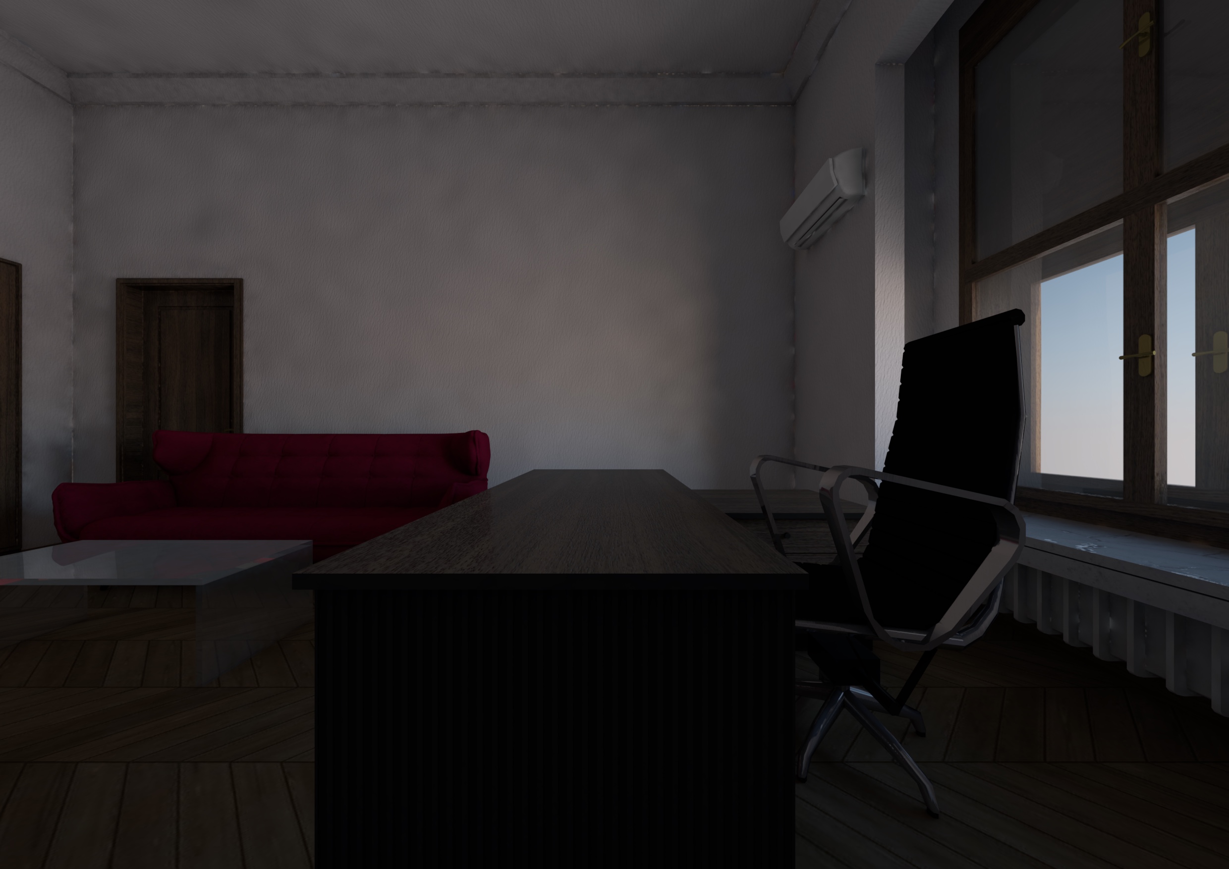 relight this interior scene using only natural daylight do not modify the architecture materials finishes furniture or camera position in any way all ceiling lights must remain turned off and no artificial light sources should be visible or contribute to the scene the space should appear illuminated exclusively by daylight entering through the existing windows create a bright evenly lit atmosphere with soft diffused light that fills the entire room light should penetrate deeply into the space gently illuminating walls furniture and corners without leaving dark or heavy shadow areas avoid strong directional sunlight or harsh contrasts shadows should be soft subtle and low in contrast use balanced exposure so the scene feels luminous but still realistic avoid overexposure or blown highlights and ensure no areas are underexposed maintain accurate material colors with a neutral to slightly warm daylight tone whites should appear clean and clear not gray or yellow the final result should feel like a naturally bright daytime interior calm and airy with smooth light gradients and a soft photorealistic quality similar to architectural photography lit only by natural daylight
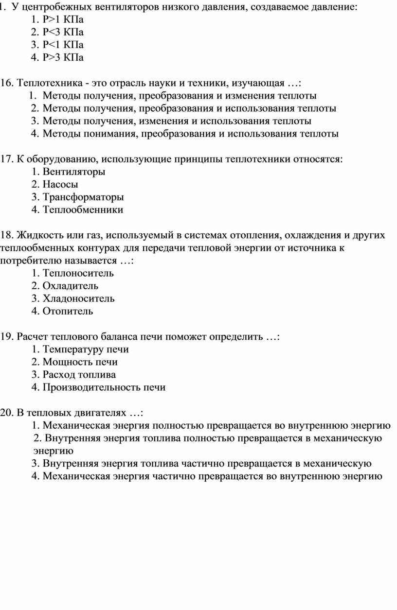 17. К оборудованию, использующие принципы теплотехники относятся:
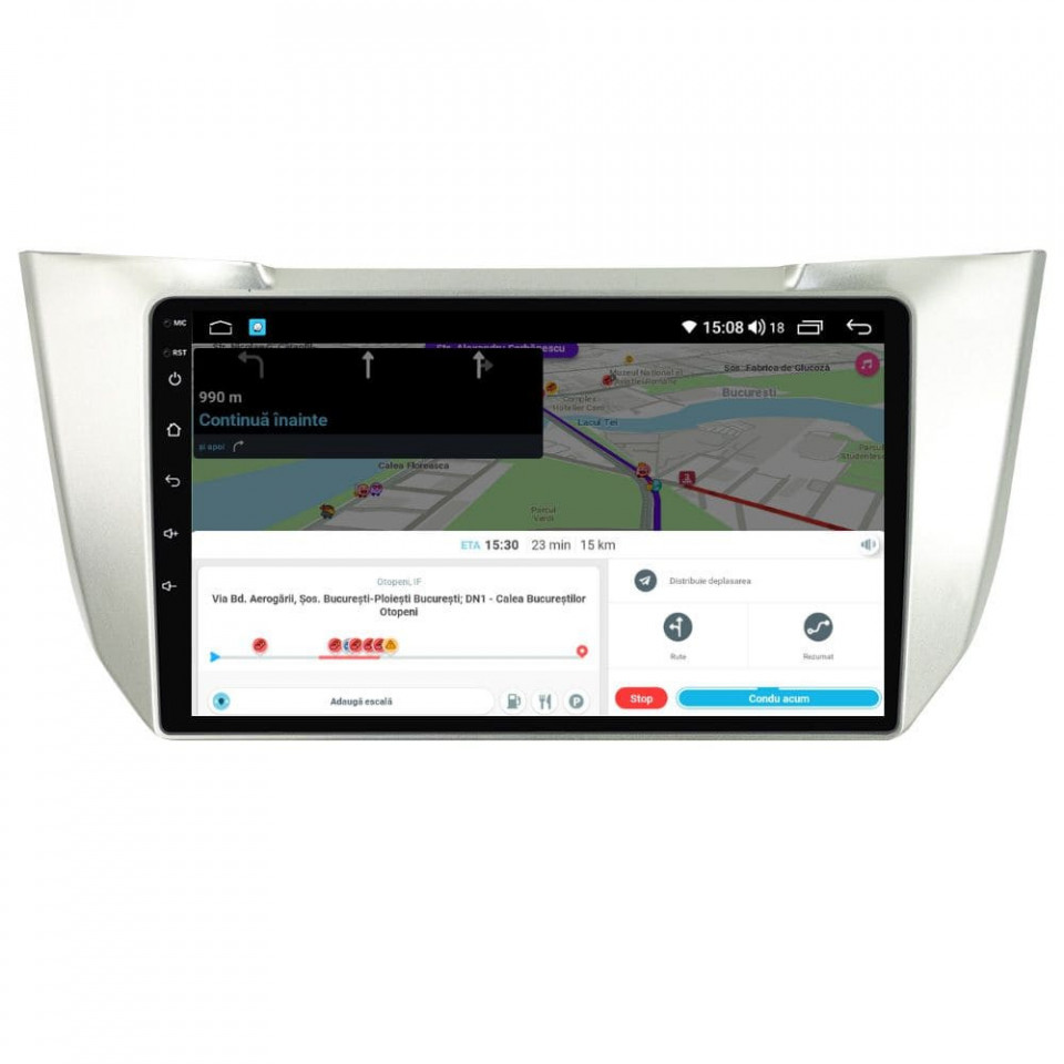 Navigatie dedicata cu Android Lexus RX 2003 - 2009, 4GB RAM, Radio GPS Dual Zone, Display HD QLED 9 Touchscreen, Internet Wi-Fi si slot SIM 4G, Bluetooth, MirrorLink, USB, Waze
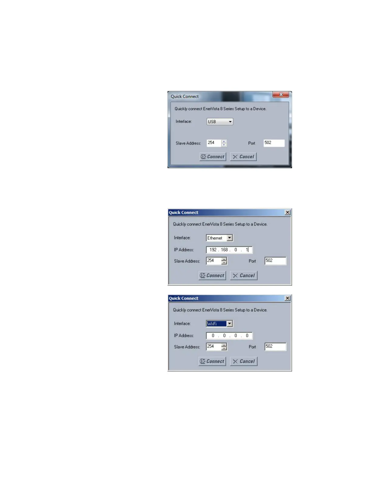 As indicated by the window, the "Quick Connect" feature can quickly connect the EnerVista
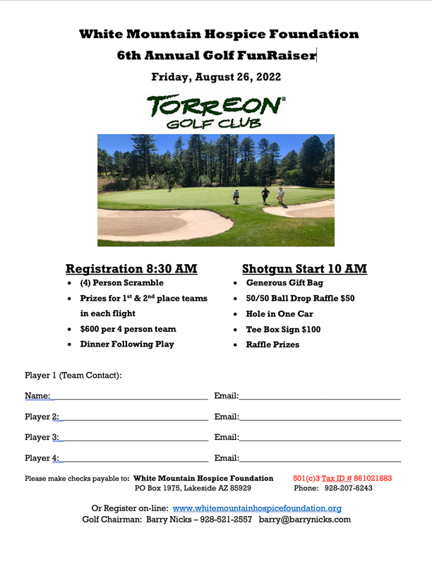 - Make a Gift of Remembrance: Donations are a thoughtful memorial or way to honor someone on special occasions such as birthdays, anniversaries, or holidays. These gifts are a gratifying way for individuals, organizations, businesses, and groups to pay tribute to someone while supporting the mission of the White Mountain Hospice Foundation. Acknowledgments are sent and every gift is tax-deductible.
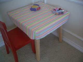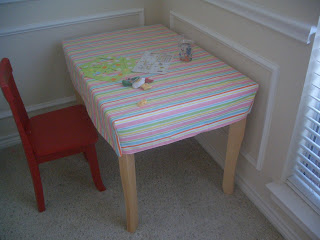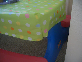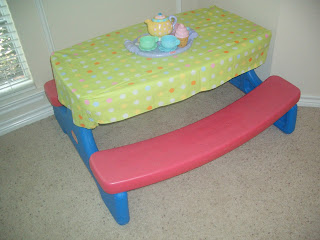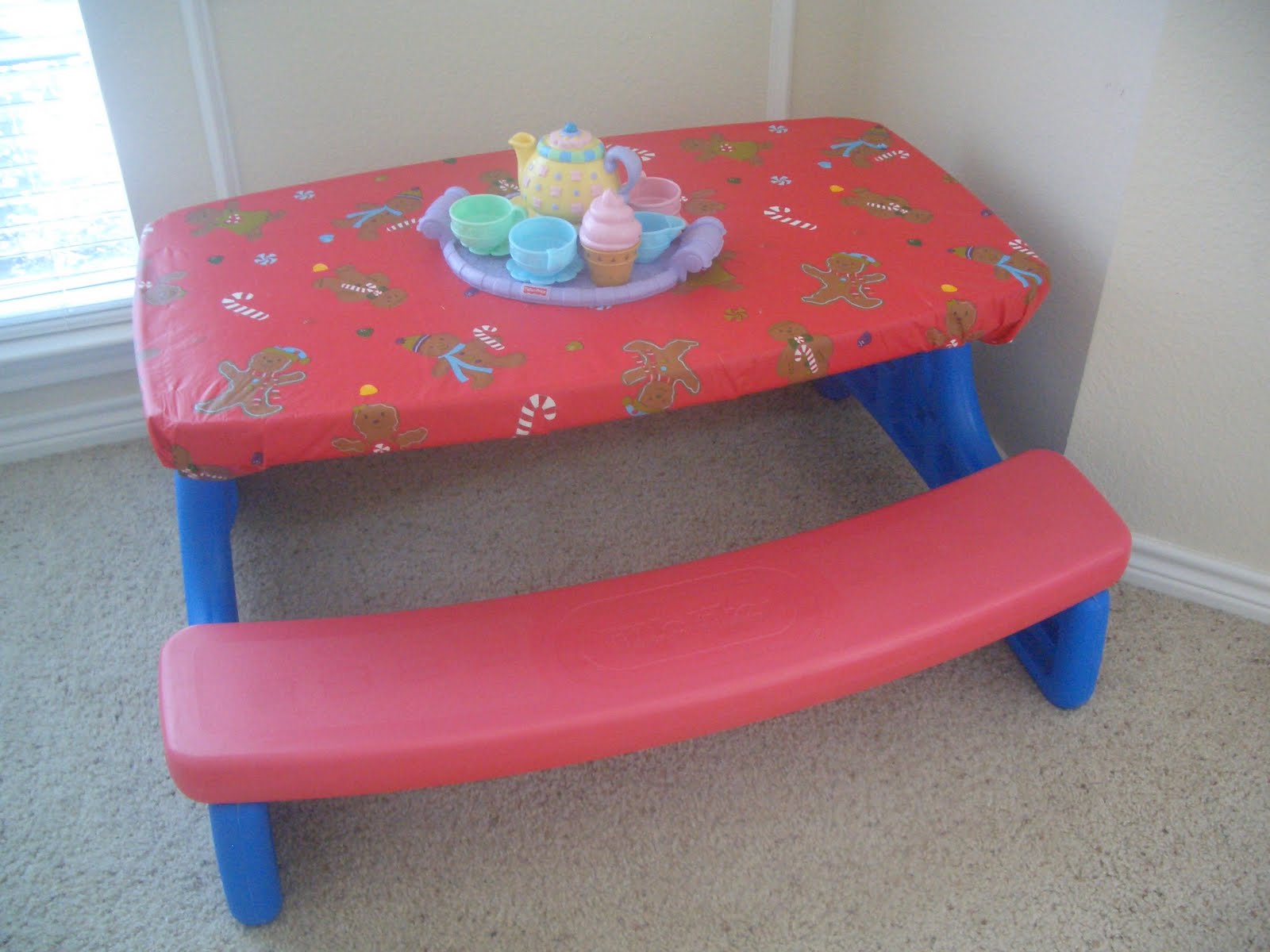 Yes, it is July and here is my kids indoor picnic table with a Christmas tablecloth (taped underneath with black duct tape). No hurry, huh?

■ ■ ■

=== Exercise description ===
Skip the pictures and retype exactly the lines from the one that contains "As indicated by" to the last line of the records.

=== Your solution ===
 As indicated by the window, the "Quick Connect" feature can quickly connect the EnerVista
 - Make a Gift of Remembrance: Donations are a thoughtful memorial or way to honor someone on special occasions such as birthdays, anniversaries, or holidays. These gifts are a gratifying way for individuals, organizations, businesses, and groups to pay tribute to someone while supporting the mission of the White Mountain Hospice Foundation. Acknowledgments are sent and every gift is tax-deductible.
 Yes, it is July and here is my kids indoor picnic table with a Christmas tablecloth (taped underneath with black duct tape). No hurry, huh?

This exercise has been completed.